### [Task details]
Leaving out all pictures, write out word for word the lines from the one containing "ノーカラーデザインでお顔周り" to the end of the data below.

### [Record excerpts]
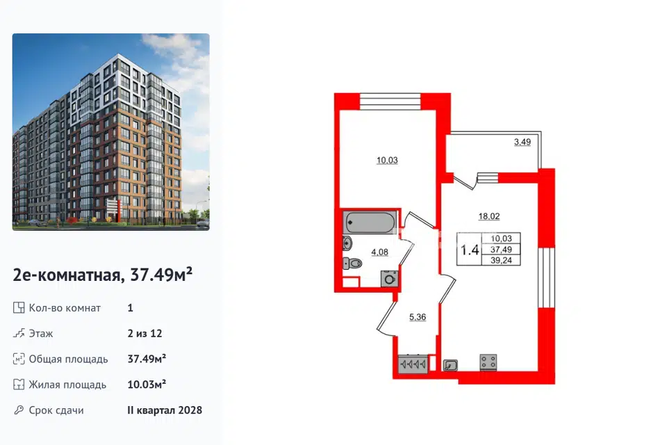 1-комн. кв., 37.49 м², 2/1 этаж
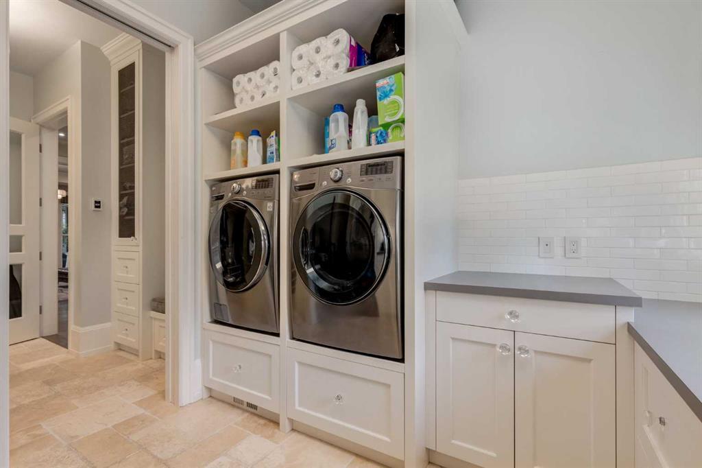- Dishwasher, Dryer, Garburator, Microwave, Range Hood, Washer, Window Coverings, Central Air Conditioner, Bar Fridge, Built-In Refrigerator, Built-In Freezer, Double Oven, Garage Control(s), Gas Range, Humidifier, Wine Refrigerator
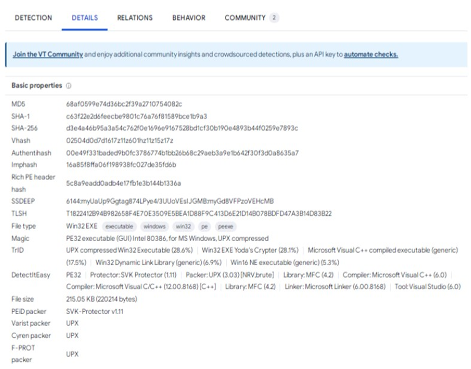 -> 해당 파일은 backdoor, trojan, downloader 계열의 악성코드일 가능성이 높고, 패킹 처리가 되어있으며 win32에서 구동될 것으로 추정할 수 있었다
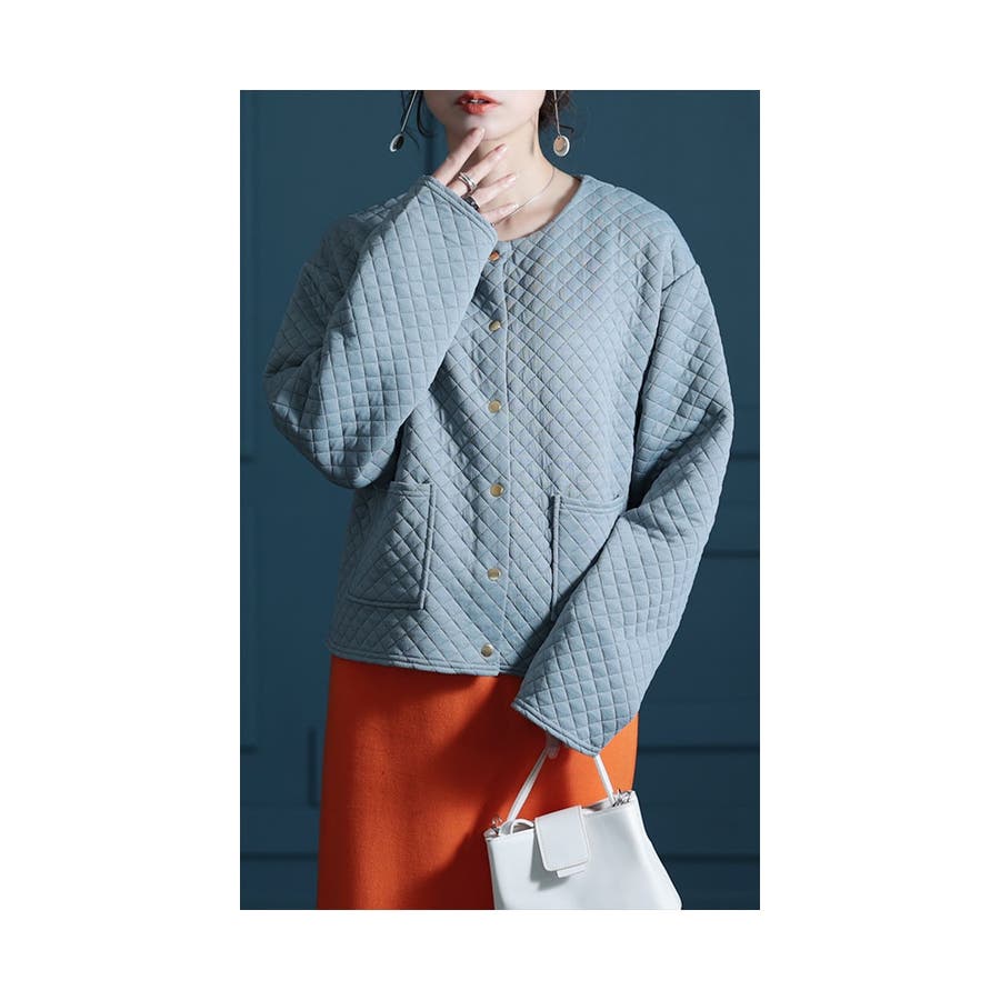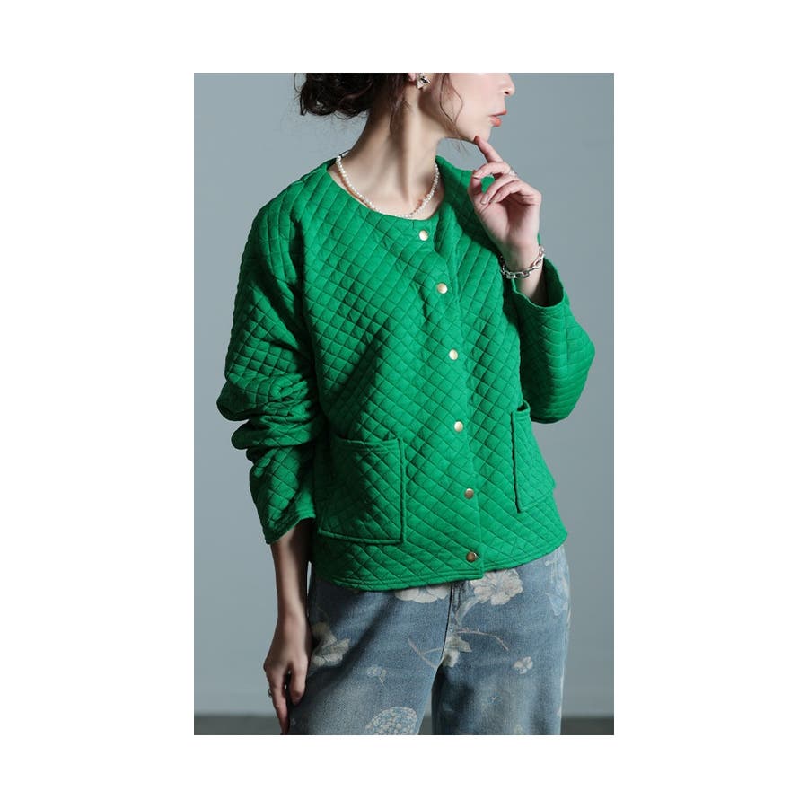 ノーカラーデザインでお顔周りをすっきりさせ、レイヤードスタイルにもぴったり。丸みを帯びたクルーネックが柔らかな雰囲気を纏います。上品見えさせてくれるキルティング生地が大人スタイルにもぴったり。
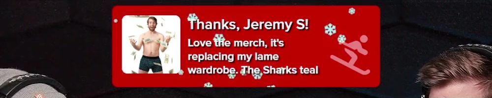 Thanks, Jeremy S! Love the merch, it's replacing my lame wardrobe. The Sharks teal
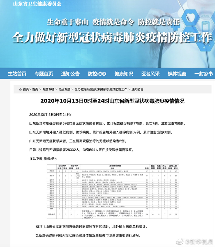 2020年10月13日0時至24時:山東新增本地確診病例6例(均由無癥狀感染者轉(zhuǎn)歸)。累計報告確診病例775例,死亡7例,治愈出院756例。
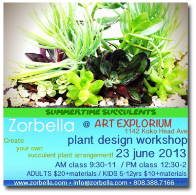 Make something creative this summer with our friends from Zorbella! Sign up today for their unique Succulent Plant Design Workshop at Art Explorium. Adults and children ages 5 & up are welcome to sign up. Each participant will create and take home a beautiful succulent plant arrangement. Adult fee is $20 + materials. Fee for kids ages 5-12 is $10 + materials. There will be two workshops held: one from 9:30-11:00 am and one from 12:30-2:00 pm. Call or email to register: 772-3732, info@zorbella.com.
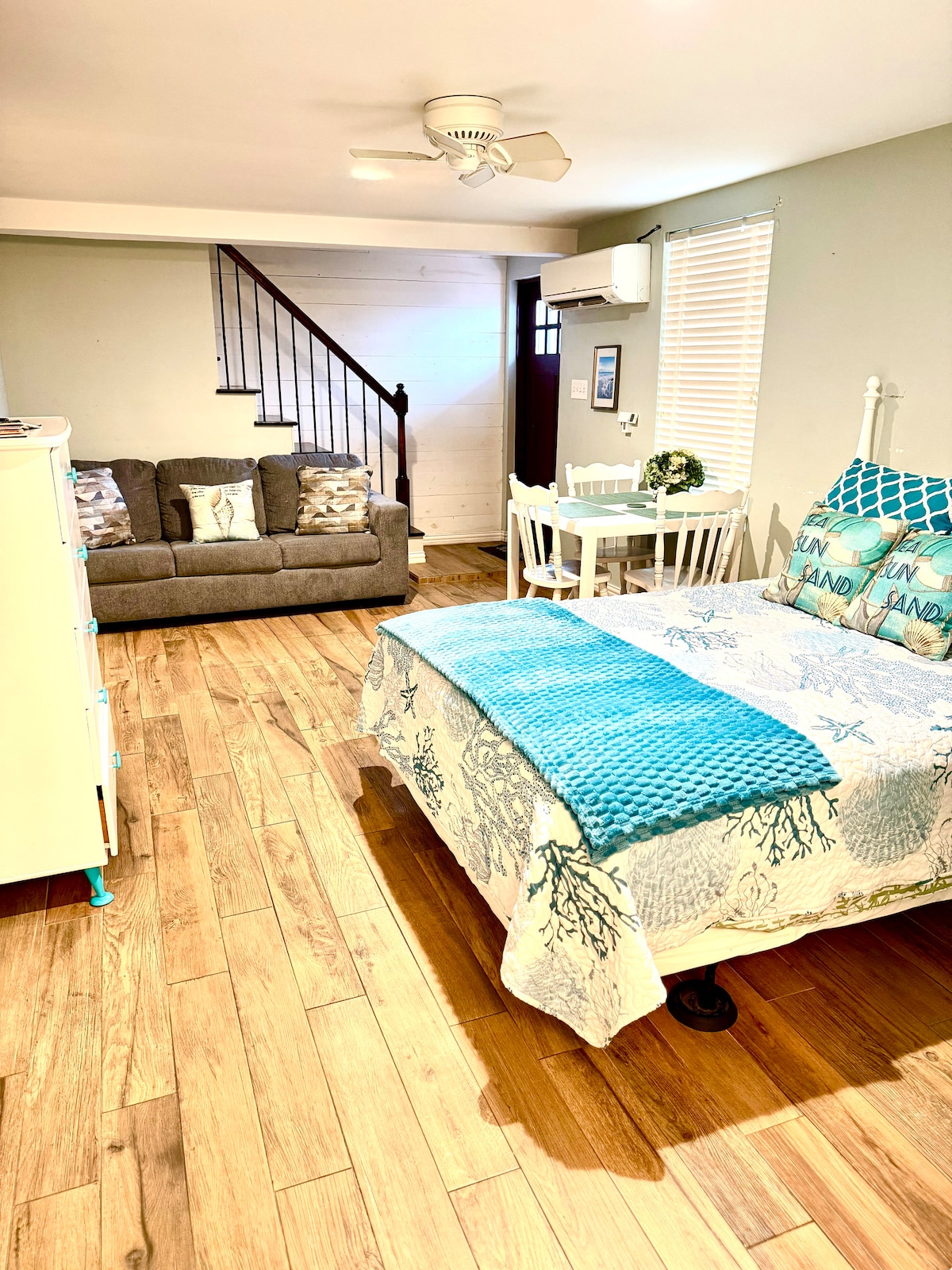 Check yourself into this lovely guest suite featuring a private entrance and off street parking. Centrally located just 3 miles from the cruise ship terminals, 4 miles from Moody Gardens, and a 10 minute walk to the beach! The suite is an addition to a well maintained craftsman bungalow in a residential neighborhood. It features quality solid wood furnishings, stylish decor, and several amenities including coffee maker w/coffee supplies, microwave, hair dryer, smart TV, dishes, and seating.

### [Exercise output]
 ノーカラーデザインでお顔周りをすっきりさせ、レイヤードスタイルにもぴったり。丸みを帯びたクルーネックが柔らかな雰囲気を纏います。上品見えさせてくれるキルティング生地が大人スタイルにもぴったり。
 Thanks, Jeremy S! Love the merch, it's replacing my lame wardrobe. The Sharks teal
 2020年10月13日0時至24時:山東新增本地確診病例6例(均由無癥狀感染者轉(zhuǎn)歸)。累計報告確診病例775例,死亡7例,治愈出院756例。
 Make something creative this summer with our friends from Zorbella! Sign up today for their unique Succulent Plant Design Workshop at Art Explorium. Adults and children ages 5 & up are welcome to sign up. Each participant will create and take home a beautiful succulent plant arrangement. Adult fee is $20 + materials. Fee for kids ages 5-12 is $10 + materials. There will be two workshops held: one from 9:30-11:00 am and one from 12:30-2:00 pm. Call or email to register: 772-3732, info@zorbella.com.
 Check yourself into this lovely guest suite featuring a private entrance and off street parking. Centrally located just 3 miles from the cruise ship terminals, 4 miles from Moody Gardens, and a 10 minute walk to the beach! The suite is an addition to a well maintained craftsman bungalow in a residential neighborhood. It features quality solid wood furnishings, stylish decor, and several amenities including coffee maker w/coffee supplies, microwave, hair dryer, smart TV, dishes, and seating.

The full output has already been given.